::: DATA SHOWN

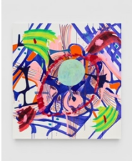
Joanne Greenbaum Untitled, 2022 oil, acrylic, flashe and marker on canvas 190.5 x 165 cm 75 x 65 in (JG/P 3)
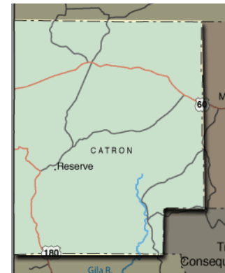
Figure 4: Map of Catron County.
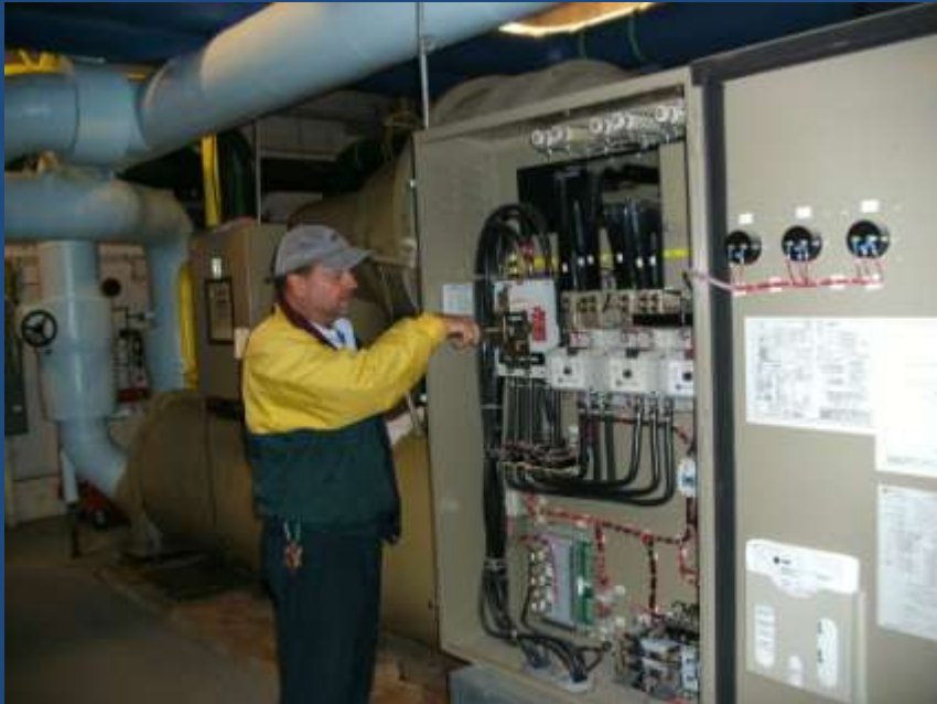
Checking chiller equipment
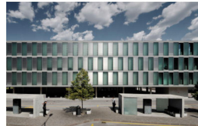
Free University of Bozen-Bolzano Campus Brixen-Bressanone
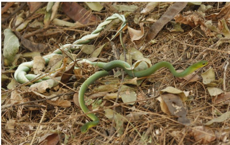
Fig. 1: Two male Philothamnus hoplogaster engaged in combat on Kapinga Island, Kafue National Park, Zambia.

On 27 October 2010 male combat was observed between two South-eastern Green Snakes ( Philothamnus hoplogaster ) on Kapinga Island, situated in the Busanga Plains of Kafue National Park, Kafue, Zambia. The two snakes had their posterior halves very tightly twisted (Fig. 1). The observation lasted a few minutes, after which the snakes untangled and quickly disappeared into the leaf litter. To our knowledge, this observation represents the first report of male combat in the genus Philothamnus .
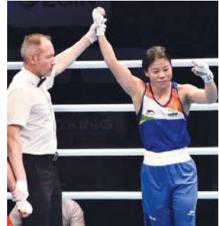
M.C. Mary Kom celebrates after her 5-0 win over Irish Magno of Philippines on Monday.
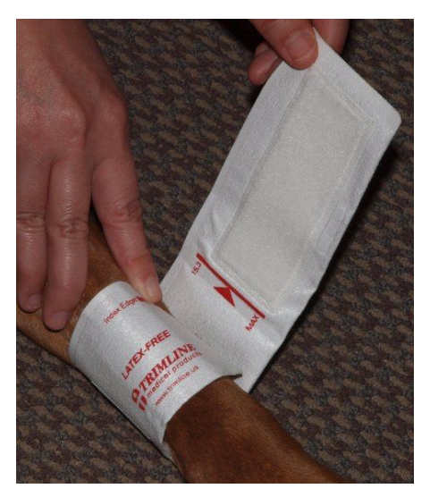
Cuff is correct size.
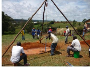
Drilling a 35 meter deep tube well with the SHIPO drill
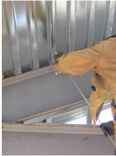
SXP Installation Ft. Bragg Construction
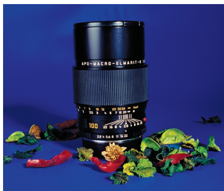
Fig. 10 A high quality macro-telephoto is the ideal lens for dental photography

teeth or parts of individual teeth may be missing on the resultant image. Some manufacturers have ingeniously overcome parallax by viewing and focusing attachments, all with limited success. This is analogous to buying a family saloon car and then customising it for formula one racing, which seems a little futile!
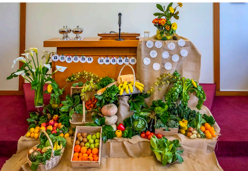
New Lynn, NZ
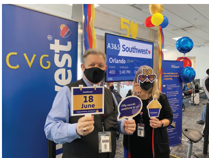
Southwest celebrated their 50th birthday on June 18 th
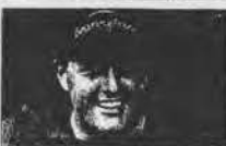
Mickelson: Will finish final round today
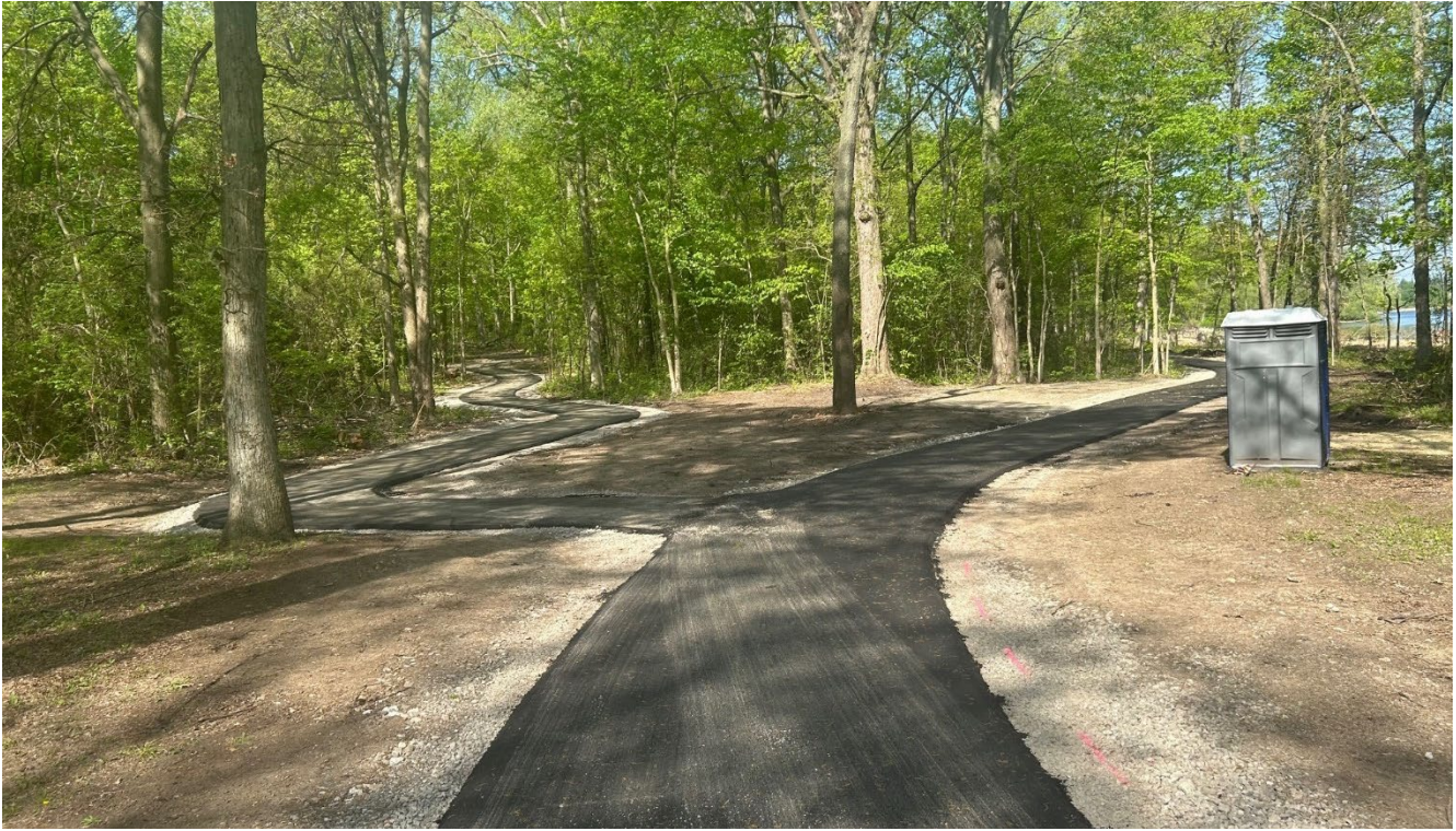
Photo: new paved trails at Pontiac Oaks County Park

::::::

WHAT THE EXERCISE ASKS:
Pictures are not part of the answer, which must be the exact lines from the one holding "teeth or parts" through the end of the material, both ends included.

ANSWER SPACE:
teeth or parts of individual teeth may be missing on the resultant image. Some manufacturers have ingeniously overcome parallax by viewing and focusing attachments, all with limited success. This is analogous to buying a family saloon car and then customising it for formula one racing, which seems a little futile!
New Lynn, NZ
Southwest celebrated their 50th birthday on June 18 th
Mickelson: Will finish final round today
Photo: new paved trails at Pontiac Oaks County Park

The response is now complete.